*WORK TASK*. Output the entries in full and verbatim, pictures omitted.

*DATASET ENTRIES*.
*** Begin section ***

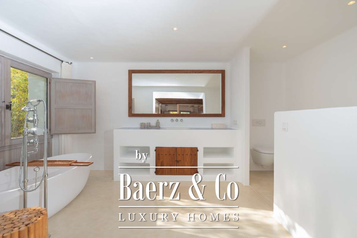 Originally an authentic finca extended in the 1940s, the house now offers 506 m² of living space divided between 361.7 m² on the ground floor and 144.64 m² above. Four bedrooms and five bathrooms have been thoughtfully renovated, each detail respecting the cubic architecture and rustic simplicity. Living areas blend seamlessly with garden terraces, encouraging an unhurried Mediterranean rhythm.
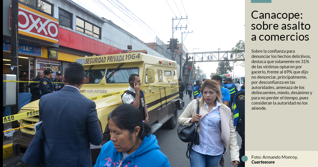 Ada Irma Cruz, presidenta de la Cámara de Comercio, Servicios y Turismo en Pequeño (Canacope), en la Ciudad de México, denunció en una conferencia de prensa que 9 de cada 10 negocios en la entidad han sido afectados por la delincuencia, de acuerdo con un sondeo de opinión sobre la percepción de seguridad e incidencia de delitos en el sector micro, pequeña y mediana empresa de la CDMX, correspondiente a 2018.
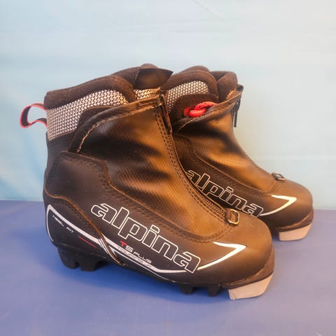 Alpina langrennsstøvler i svart farge. Modellen har snøring foran og hempe bak for enklere på- og avtagning. Glidelåsbeskyttelse
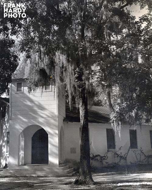 Feel free to do whatever you would like with anything that I post on this site. I appreciate you being considerate and asking. I do not know whether my father actually made this photo. This negative was in a box that contained ” copy negatives “. I just thought that it was a nice image of a church with the Spanish moss hanging from the trees … it just looked like Old Florida to me. Let me know what he says and please check back Glenda … Frank
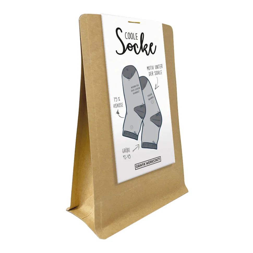 Diese coole Socke ist für jeden Papa genau das Richtige. Hier bekommst Du garantiert einen Moment der Ruhe, denn die Botschaft unter den Socken ist klar. Wenn Du das lesen kannst, frag Mama! Die Smileys auf dem grauen Paar Socken unterstreichen die klare Botschaft, sodass der Papa sich mal zurücklehnen kann. Mama ist ja da! Egal ob für Dich selbst oder Deinen eigenen Vater, diese humorvollen Socken in Größe 41-45 sind einfach ein Muss.
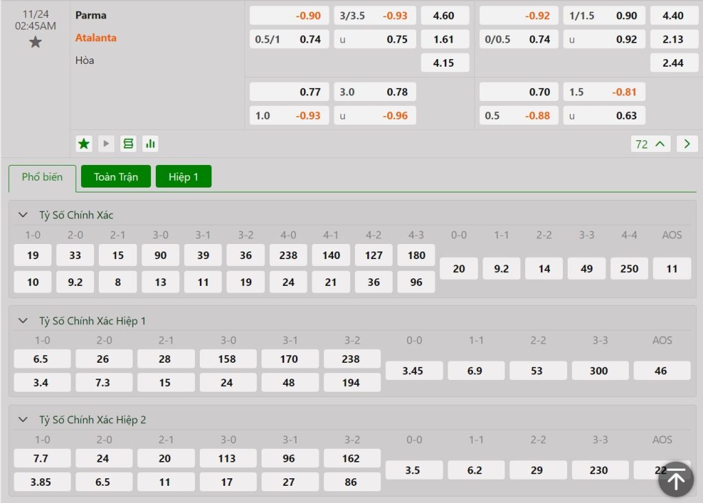Bảng cập nhật tỷ lệ kèo nhà cái trận Parma vs Atalanta
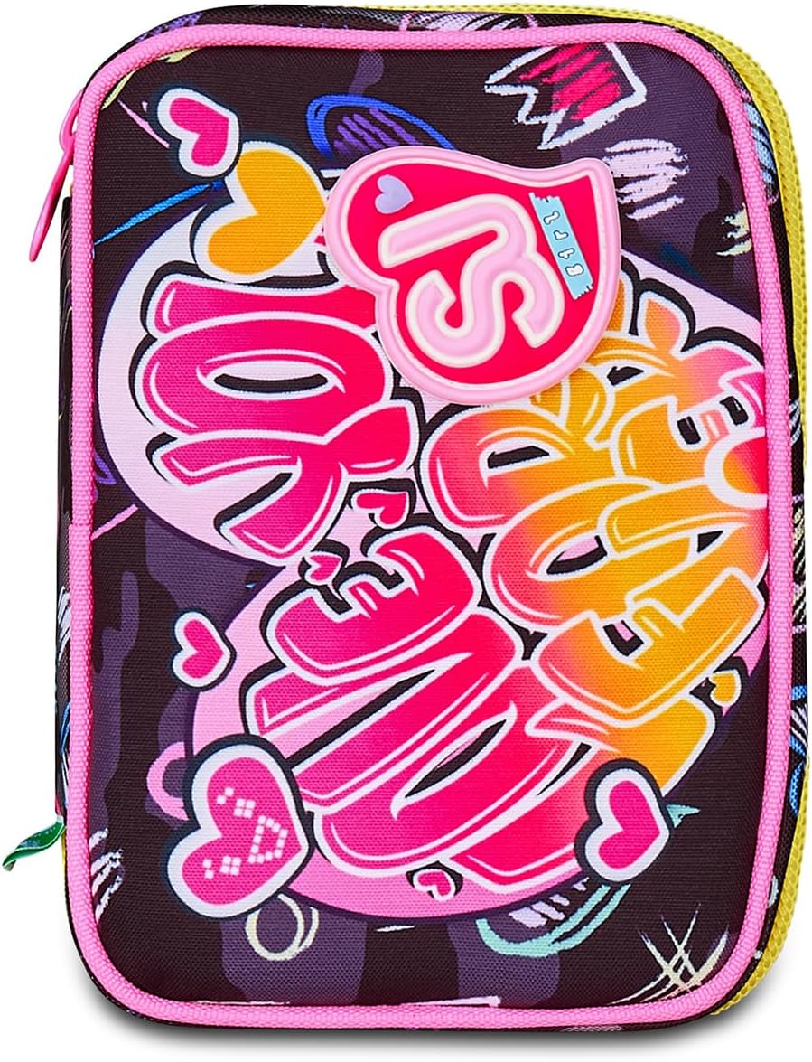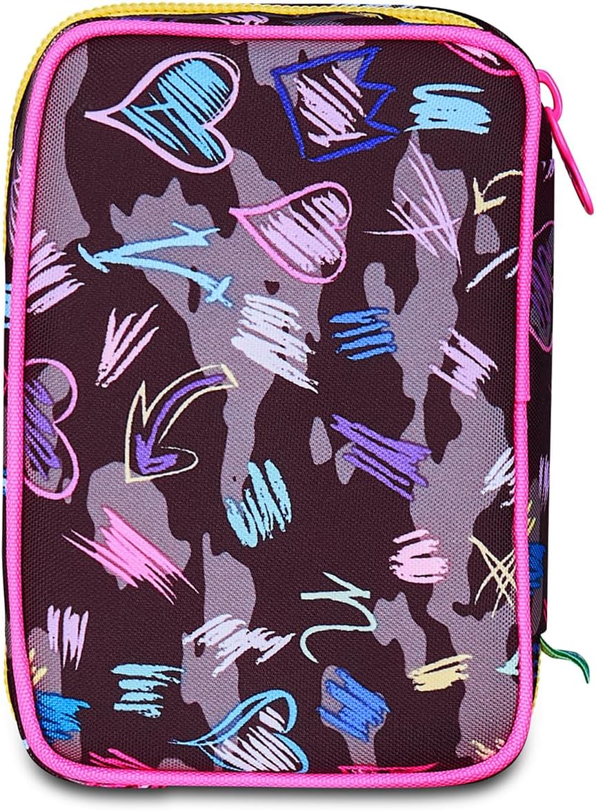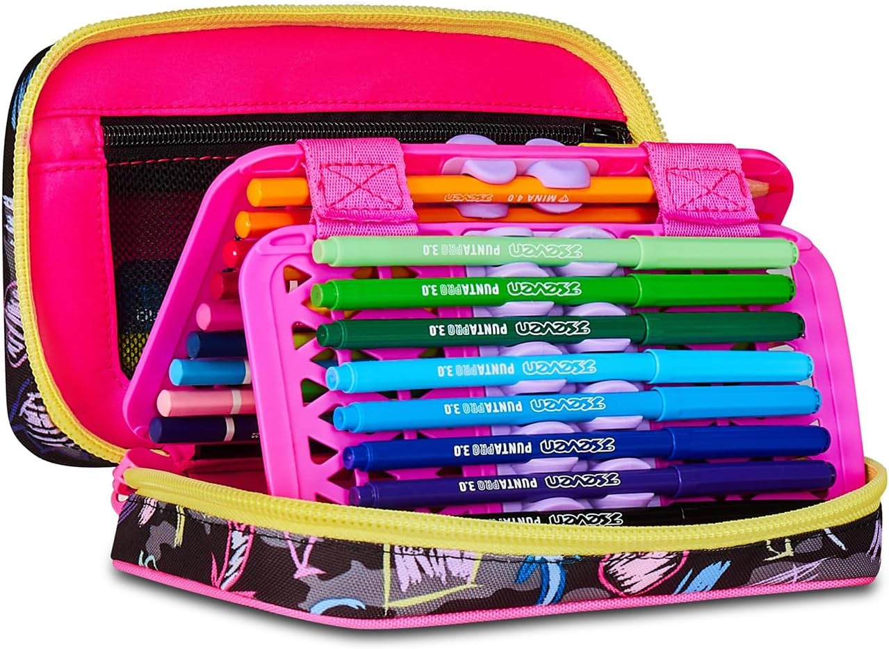 Dimensioni 14,3 x 20,5 x 7 cm. Apertura singola tramite maxi zip, plance interne amovibili e agganci flessibili in gomma per cancelleria. CONTENUTO 45 PEZZI: 1 Penna cancellabile blu, 1 Penna a sfera rossa, 18 Pastelli a colore 4.0 esagonali, 18 Pennarelli superlavabili punta 3.0 mm, 1 Matita grafite esagonale HB Mitama, 1 Colla, 1 Gomma, 1 Temperino barilotto 2 fori, 1 Righello, 1 matita bicolor rosso/blu, 1 paio di forbici. Tasca interna per cancelleria. Tessuto poliestere.
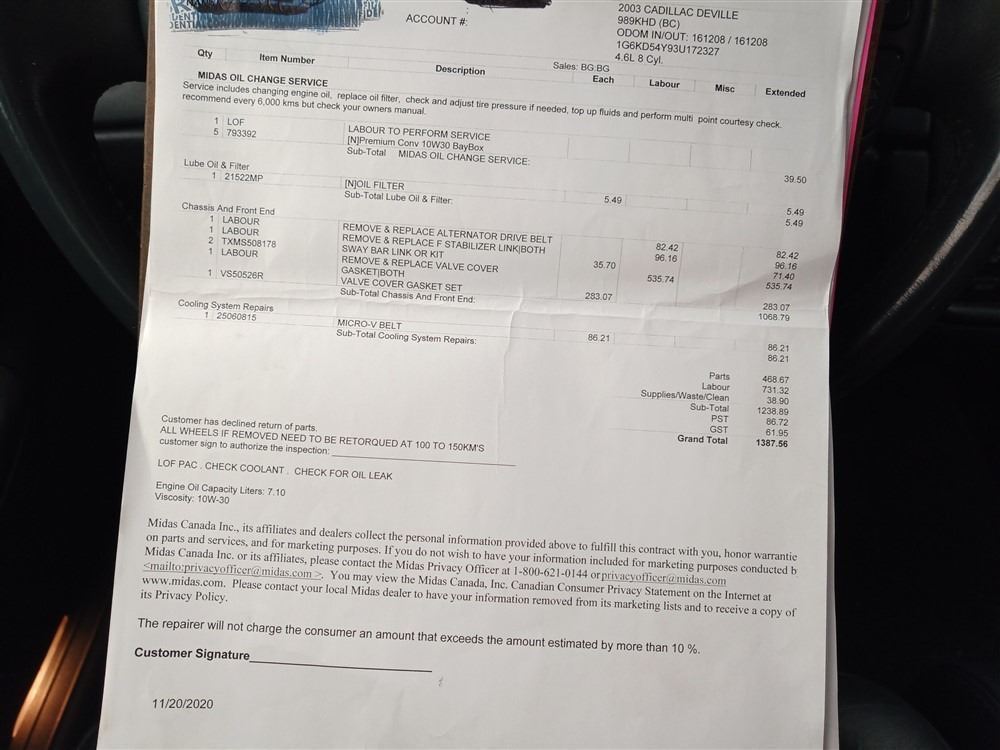 Automatic transmission and NORTHSTAR 4.6 Litre Engine, 8 Cylinder, Front Wheel Drive, 180237 KMBlue, 6 PassengerDeclarations - , Damage Claims, 4 CLAIMS+ 1 GLASS TOTAL $3820 , Power Steering, Power Brakes, Intermittent Wipers, Dual Air Bag, AM/FM Stereo , Rear Defroster, Bucket Seats, Anti Lock Brakes, Front Disc Brakes-Air Conditioning, Power Windows, Power Locks, Keyless Entry, Tilt Steering, Cruise Control, Alloy Wheels, Anti Theft, CD Player, Leather Seats, Power Seats, Heated Seats, Memory Seats, Heated Mirrors, Information Center, Traction Control, Rear Heat and Air, Steering Wheel Controls, Power Mirrors Auction Notes : Rear Heated Seats Dual Exhaust, The Following Work Done @161208km: Drive Belts Replaced, Sway Bar Links Replaced, Valve Cover Gasket, Comes With Receipts, See Pictures
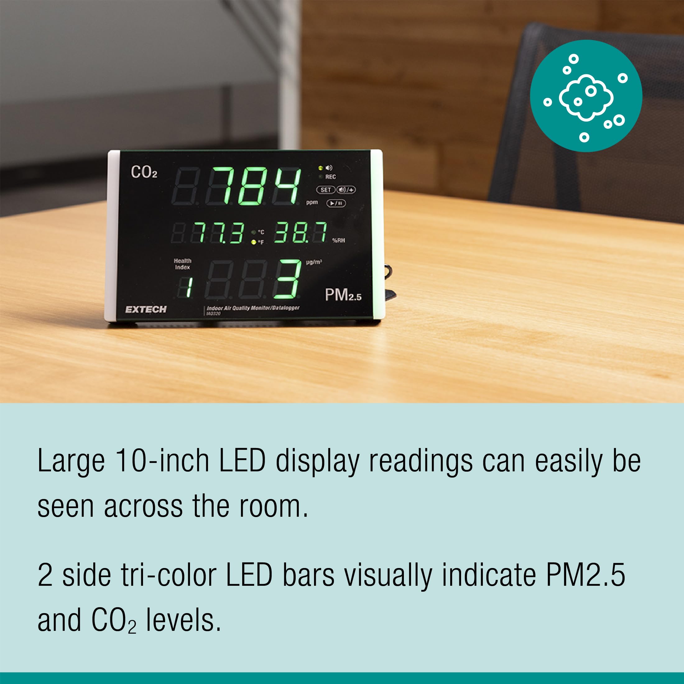 2 side tri-color LED bars visually indicate PM2.5 and CO2 levels
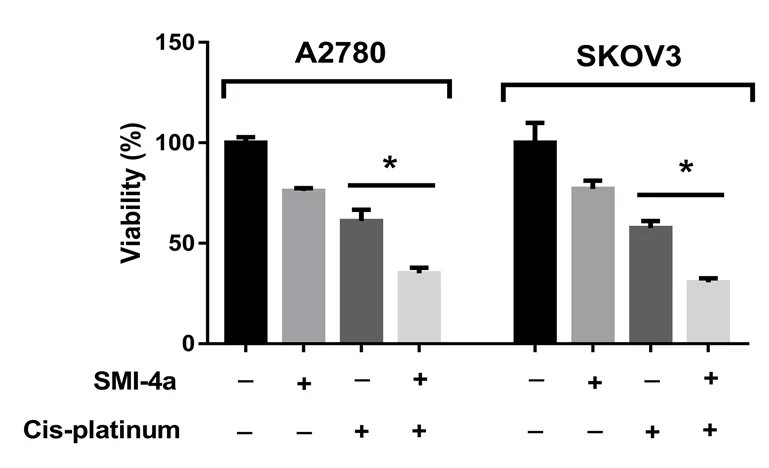 图示Pim1抑制剂(SMI4a)可诱导卵巢癌细胞对顺铂化学增敏。对A2780和SKOV3细胞系分别进行SMI4a,顺铂、SMI4a联合顺铂给药,48h后进行细胞活力检测。* P < 0.05
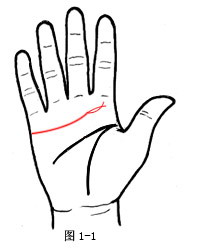与相爱的人一起慢慢变老,这种浪漫表现在手相上就是——感情线末端走向食指下方或食指与中指间成叉状(如图1-1)。表爱心坚定、尊重友谊、婚姻幸福,为爱情之最佳保证。
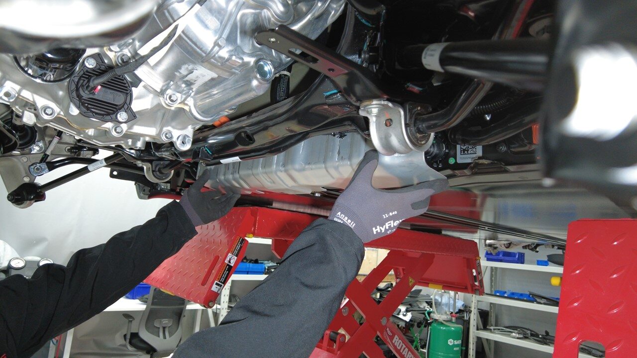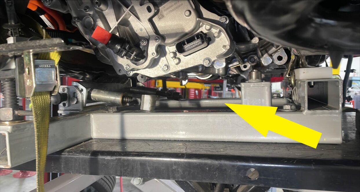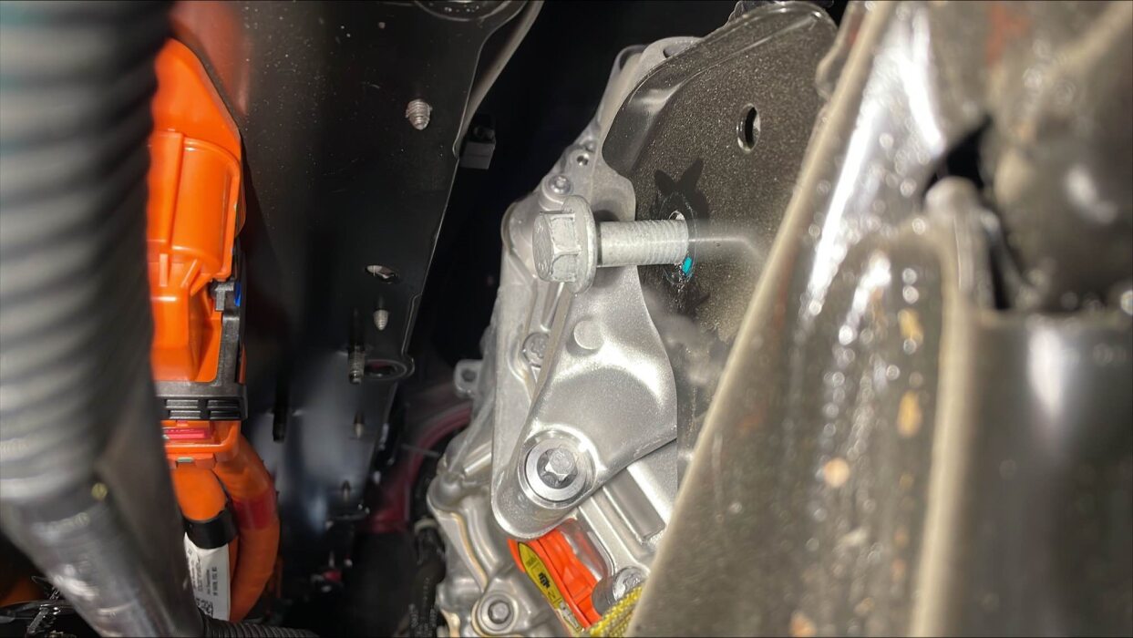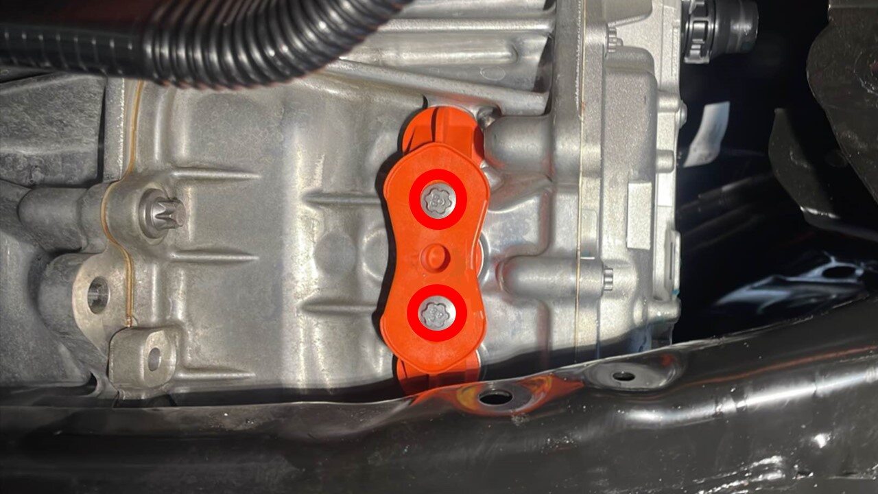 拆下用于固定高压电池外壳后滑板的下部螺栓。

*** End section ***

*SOLUTION FOR THIS PROBLEM*.
 Originally an authentic finca extended in the 1940s, the house now offers 506 m² of living space divided between 361.7 m² on the ground floor and 144.64 m² above. Four bedrooms and five bathrooms have been thoughtfully renovated, each detail respecting the cubic architecture and rustic simplicity. Living areas blend seamlessly with garden terraces, encouraging an unhurried Mediterranean rhythm.
 Ada Irma Cruz, presidenta de la Cámara de Comercio, Servicios y Turismo en Pequeño (Canacope), en la Ciudad de México, denunció en una conferencia de prensa que 9 de cada 10 negocios en la entidad han sido afectados por la delincuencia, de acuerdo con un sondeo de opinión sobre la percepción de seguridad e incidencia de delitos en el sector micro, pequeña y mediana empresa de la CDMX, correspondiente a 2018.
 Alpina langrennsstøvler i svart farge. Modellen har snøring foran og hempe bak for enklere på- og avtagning. Glidelåsbeskyttelse
 Feel free to do whatever you would like with anything that I post on this site. I appreciate you being considerate and asking. I do not know whether my father actually made this photo. This negative was in a box that contained ” copy negatives “. I just thought that it was a nice image of a church with the Spanish moss hanging from the trees … it just looked like Old Florida to me. Let me know what he says and please check back Glenda … Frank
 Diese coole Socke ist für jeden Papa genau das Richtige. Hier bekommst Du garantiert einen Moment der Ruhe, denn die Botschaft unter den Socken ist klar. Wenn Du das lesen kannst, frag Mama! Die Smileys auf dem grauen Paar Socken unterstreichen die klare Botschaft, sodass der Papa sich mal zurücklehnen kann. Mama ist ja da! Egal ob für Dich selbst oder Deinen eigenen Vater, diese humorvollen Socken in Größe 41-45 sind einfach ein Muss.
Bảng cập nhật tỷ lệ kèo nhà cái trận Parma vs Atalanta
 Dimensioni 14,3 x 20,5 x 7 cm. Apertura singola tramite maxi zip, plance interne amovibili e agganci flessibili in gomma per cancelleria. CONTENUTO 45 PEZZI: 1 Penna cancellabile blu, 1 Penna a sfera rossa, 18 Pastelli a colore 4.0 esagonali, 18 Pennarelli superlavabili punta 3.0 mm, 1 Matita grafite esagonale HB Mitama, 1 Colla, 1 Gomma, 1 Temperino barilotto 2 fori, 1 Righello, 1 matita bicolor rosso/blu, 1 paio di forbici. Tasca interna per cancelleria. Tessuto poliestere.
 Automatic transmission and NORTHSTAR 4.6 Litre Engine, 8 Cylinder, Front Wheel Drive, 180237 KMBlue, 6 PassengerDeclarations - , Damage Claims, 4 CLAIMS+ 1 GLASS TOTAL $3820 , Power Steering, Power Brakes, Intermittent Wipers, Dual Air Bag, AM/FM Stereo , Rear Defroster, Bucket Seats, Anti Lock Brakes, Front Disc Brakes-Air Conditioning, Power Windows, Power Locks, Keyless Entry, Tilt Steering, Cruise Control, Alloy Wheels, Anti Theft, CD Player, Leather Seats, Power Seats, Heated Seats, Memory Seats, Heated Mirrors, Information Center, Traction Control, Rear Heat and Air, Steering Wheel Controls, Power Mirrors Auction Notes : Rear Heated Seats Dual Exhaust, The Following Work Done @161208km: Drive Belts Replaced, Sway Bar Links Replaced, Valve Cover Gasket, Comes With Receipts, See Pictures
 2 side tri-color LED bars visually indicate PM2.5 and CO2 levels
 图示Pim1抑制剂(SMI4a)可诱导卵巢癌细胞对顺铂化学增敏。对A2780和SKOV3细胞系分别进行SMI4a,顺铂、SMI4a联合顺铂给药,48h后进行细胞活力检测。* P < 0.05
与相爱的人一起慢慢变老,这种浪漫表现在手相上就是——感情线末端走向食指下方或食指与中指间成叉状(如图1-1)。表爱心坚定、尊重友谊、婚姻幸福,为爱情之最佳保证。
 拆下用于固定高压电池外壳后滑板的下部螺栓。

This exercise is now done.